Яковенко, телеграфист службы связи, Кронштадтский район.
Ососов, машинист, линкор «Севастополь».
Архипов, машинист, старшина.
Перепелкин, электрик, линкор «Севастополь».
Патрушев, старшина-гальванер, линкор «Петропавловск».
Куполов, старшина, медбрат.
Вершинин, матрос, линкор «Севастополь».
Тукин, рабочий электромеханического завода.
Романенко, сторож в сухих доках.
Орешин, директор Третьей Рабочей школы.
Вальк, мастер на лесопильной фабрике.
Павлов, рабочий минного завода.
Байков, начальник управления строительства крепости.
Кильгаст, штурман дальнего плавания[69]
.Из пятнадцати членов комитета у троих – Петриченко, Яковенко и Романенко – явно украинские фамилии, а у двоих – Вальк и Кильгаст – немецкие. Петриченко, Яковенко и Кильгаст занимали ключевые посты в Революционном комитете – председателя, заместителя председателя и секретаря соответственно. Согласно советским источникам, Петриченко был ярым националистом, за что товарищи прозвали его «Петлюрой», в честь вождя националистического движения на Украине.
По свидетельству Петриченко, «три четверти» Кронштадтского гарнизона были выходцами с Украины; некоторые из них прежде, чем попасть на советский флот, воевали в антибольшевистских армиях.

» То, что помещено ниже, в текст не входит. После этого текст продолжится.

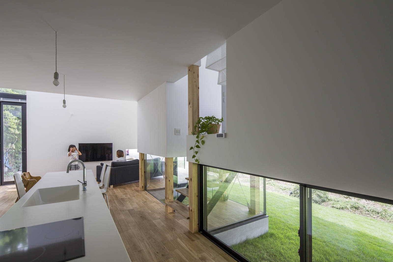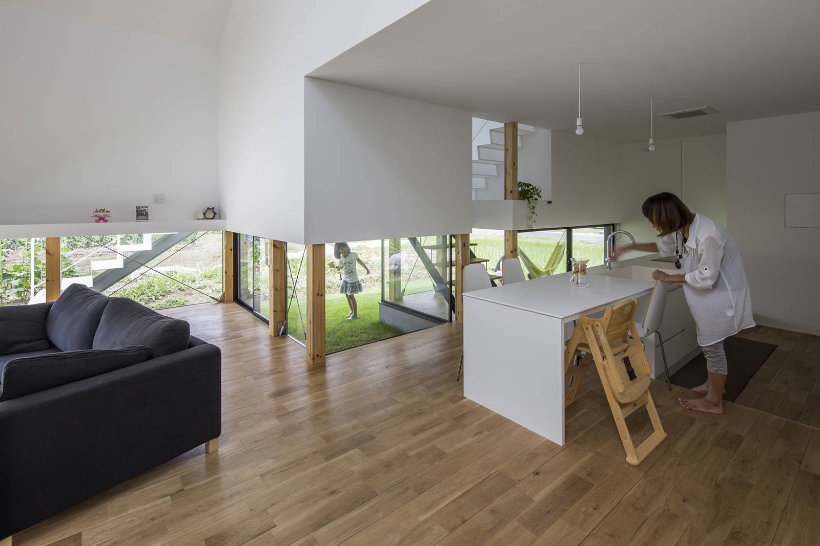 スキップフロア状に建物の半分を半階分浮かせることによって、敷地の多くの地面を解放し、芝生を植えた。田圃や畑など敷地の外まで緑の地面が広がって行き、季節によって様々な表情を住宅の内部に運んでくる。

Это указывает на то, что националистические чувства играли определенную роль в разжигании мятежа, но насколько велика эта роль, сказать трудно. Зато с полной очевидностью можно судить о социальном статусе членов Революционного комитета Кронштадта. Основное большинство составляли матросы из крестьянских или рабочих семей. Среди них были те, кто служил на «Петропавловске» и «Севастополе» – пороховой бочке восстания, на заводе и даже занимал руководящие посты (например, директор школы). Одним словом, лидеры движения, в отличие от белых, были простого происхождения, и этот факт явно приводил власти в замешательство, хотя они упорно утверждали, что главари мятежников происходят из антипролетарских социальных слоев. Вершинина, матроса с «Севастополя», который на начальном этапе восстания попал в руки большевиков, назвали «спекулянтом» и «жоржиком». Еще хуже обошлись с Павловым, объявив его бывшим агентом сыскной полиции. Байков якобы имел собственность в Кронштадте; Тукин, бывший жандарм, имел ни много ни мало как шесть домов и три магазина в Петрограде; Кильгаст был осужден за присвоение государственных денег, но освобожден по амнистии в связи с третьей годовщиной большевистской революции.

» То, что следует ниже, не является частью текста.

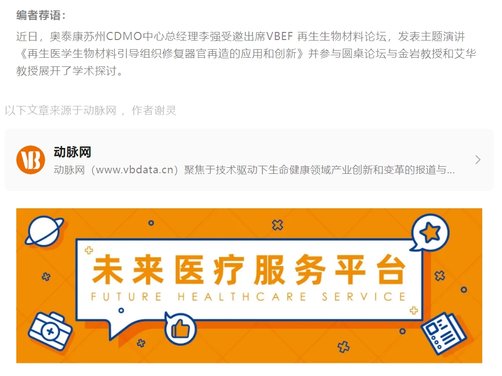 2024年5月7日至10日,第八屆未來醫(yī)療生態(tài)展會以“新青年”為主題,由VB100、動脈網(wǎng)、蛋殼研究院、動脈橙主辦,天津經(jīng)濟技術開發(fā)區(qū)(TEDA)聯(lián)合主辦,與天津濱海中關村科技園管委會、北塘灣數(shù)字經(jīng)濟產(chǎn)業(yè)園戰(zhàn)略合作,于北京·北人亦創(chuàng)國際會展中心正式召開。作為此次論壇備受關注的熱門論壇之一,生物再生材料論壇于5月10日下午圓滿落幕。

Дискредитация членов Временного революционного комитета продолжалась и после подавления Кронштадтского восстания. Помимо порочащих фактов в отношении участников восстания, советские авторы стремились связать их с политической оппозицией: Петриченко называли левым эсером, Валька и Романенко – меньшевиками, Орешина – народником-социалистом. Ламанова, который, считалось, был главным идеологом движения и редактором ежедневной газеты, причисляли к эсерам-максималистам.

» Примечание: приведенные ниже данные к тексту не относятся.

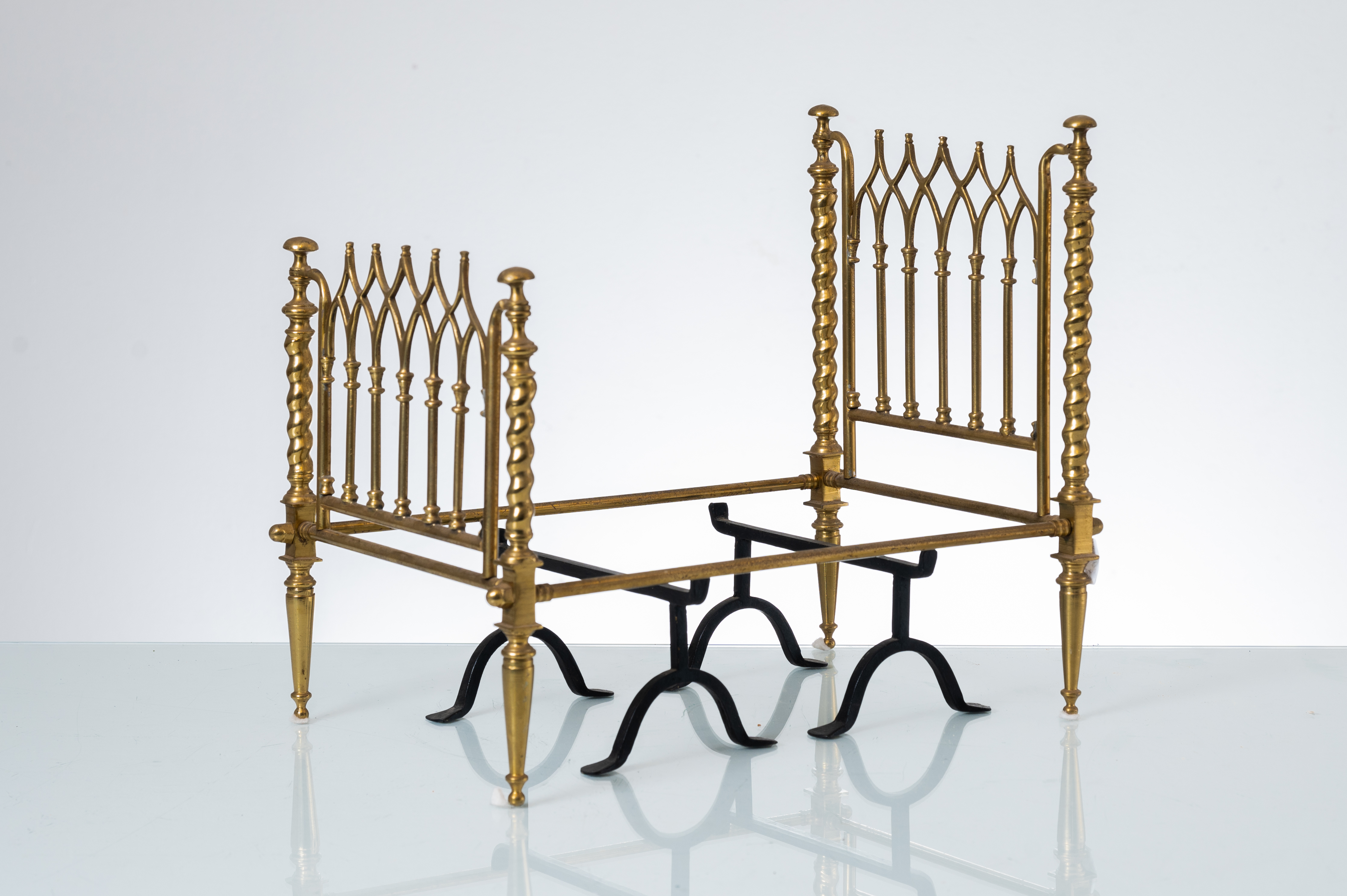 Modellino di letto in ottone con trispiti in ferro.

К сожалению, нет никакой достоверной информации, которая могла бы подтвердить или опровергнуть эти заявления. Согласно советским источникам, Петриченко «бывший коммунист», вступил в партию во время «партийной недели» в августе 1919 года, когда зачислялись все желающие рабочие и крестьяне без всяких рекомендаций, и был исключен из партии во время следующей перерегистрации.